В глубине конторы посыльный на минуту отпускает бечевку, опоясывающую извечный мешок…

«Такую грозу я видел только один раз», – статистически замечает он.

Холодное молчание. Звуки улицы словно разрезаны ножом. Долго чувствовалось своего рода всеобщее недомогание, некая космическая задержка дыхания. Вся вселенная остановилась. Мгновения, мгновения, мгновения. Темнота словно закоптилась тишиной.

Вдруг живая сталь ‹…›

Каким человеческим было металлическое позвякивание трамваев! Какой веселый пейзаж – простой дождь на улице, восставшей из бездны!

О Лиссабон, мой очаг!

75.

Чтобы почувствовать наслаждение и страх скорости, мне не нужны ни быстрые автомобили, ни скорые поезда. Мне достаточно трамвая и поразительной способности к абстракции, которой я обладаю и которую развиваю.

В движущемся трамвае я умею, благодаря постоянной и быстрой аналитической работе, отделять идею трамвая от идеи скорости, разделять их полностью, так что они становятся различными реальными вещами. Затем я могу почувствовать, что я еду не внутри трамвая, а внутри его Чистой Скорости. И, если я, утомившись, вдруг хочу ощутить безумие огромной скорости, я могу перенести мысль к Чистой Имитации Скорости и по своей прихоти увеличивать и снижать ее, расширять ее за пределы любых возможных скоростей поездов.

Настоящие риски не только меня пугают – не из-за боязни чрезмерных ощущений, – но и отвлекают мое совершенное внимание к собственным ощущениям, а это меня раздражает и обезличивает.

Я никогда не иду туда, где есть риск. Я испытываю тоскливый страх к опасностям.

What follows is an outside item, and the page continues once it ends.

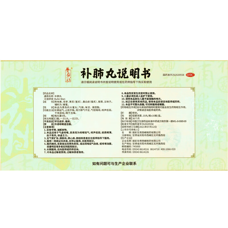 养无极补肺丸 9g*10丸*16板 气短咳喘干咳痰粘益肺止咳中药补肺丸
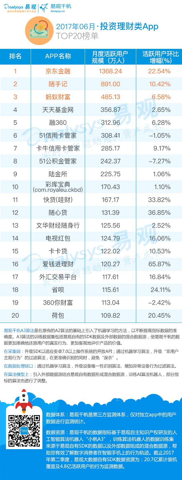 京东金融 App通过不断加载金融科技前沿功能和不断丰富生活场景,活跃用户规模实现稳步增长,居于投资理财领域之首位,并在6月实现22.54%的环比增幅。

Закат – это явление разума.

76.

Иногда я с удовлетворением думаю (производя бисекцию) о будущей возможной географии нашего собственного сознания. На мой взгляд, будущий историк собственных ощущений, возможно, сможет свести к точной науке свое отношение к осознанию собственной души. Пока что мы находимся лишь в начале этого сложного искусства – все еще искусства, химии ощущений, которая находится еще в алхимическом состоянии. Этот ученый послезавтрашнего дня будет особенно щепетильно относиться к своей внутренней жизни. Он создаст из самого себя точный инструмент, чтобы подвергнуть ее анализу. Я не вижу фундаментальных трудностей в изготовлении точного инструмента для самоанализа из стали и бронзы одних лишь мыслей. Под сталью и бронзой я действительно понимаю сталь и бронзу, но только духа. И, возможно, именно так его нужно будет изготавливать. Возможно, придется сформулировать идею точного инструмента, видя эту идею материально, чтобы перейти к строгому внутреннему анализу. И, естественно, нужно будет свести и дух к своего рода реальной материи при помощи той разновидности пространства, в которой он существует. Все это зависит от чрезвычайной отточенности наших внутренних ощущений, которые, доведенные до крайней точки, бесспорно, обнаружат или создадут в нас пространство столь же реальное, как то, которое имеется там, где находятся материальные вещи, и которое, к тому же, нереально как вещь.

Я даже не знаю, не будет ли это внутреннее пространство лишь новым измерением другого пространства. Возможно, научные исследования будущего обнаружат, что всё есть измерения одного и того же пространства, не являющегося вследствие этого ни материальным, ни духовным. В одном измерении мы будем жить телом; в другом мы будем жить душой. Иногда мне нравится предаваться бесплодным размышлениям о том, куда эти исследования могут привести.

Вероятно, будет обнаружено, что то, что мы называем Богом и что так очевидно находится в другой плоскости, а не в пространственной и временной логике и реальности – это наш образ существования, наше ощущение в другом измерении бытия. Это мне не кажется невозможным. Грезы также, возможно, окажутся либо другим измерением, в котором мы живем, либо пересечением двух измерений; подобно тому, как тело живет в измерениях высоты, ширины и длины, так и наши грезы – кто знает – быть может, живут в измерениях идеала, «я» и пространства. В пространстве – по своему зрительному представлению; в идеале – по тому, что они представляют иной род, отличающийся от материи; в «я» – по своему сокровенному измерению, коим являемся мы. Собственное «Я» каждого из нас, возможно, является божественным измерением. Все это сложно и в свое время, несомненно, будет определено. Нынешние мечтатели, вероятно, являются великими предтечами окончательной науки будущего. Я, разумеется, не верю в окончательную науку будущего. Но это к делу никак не относится.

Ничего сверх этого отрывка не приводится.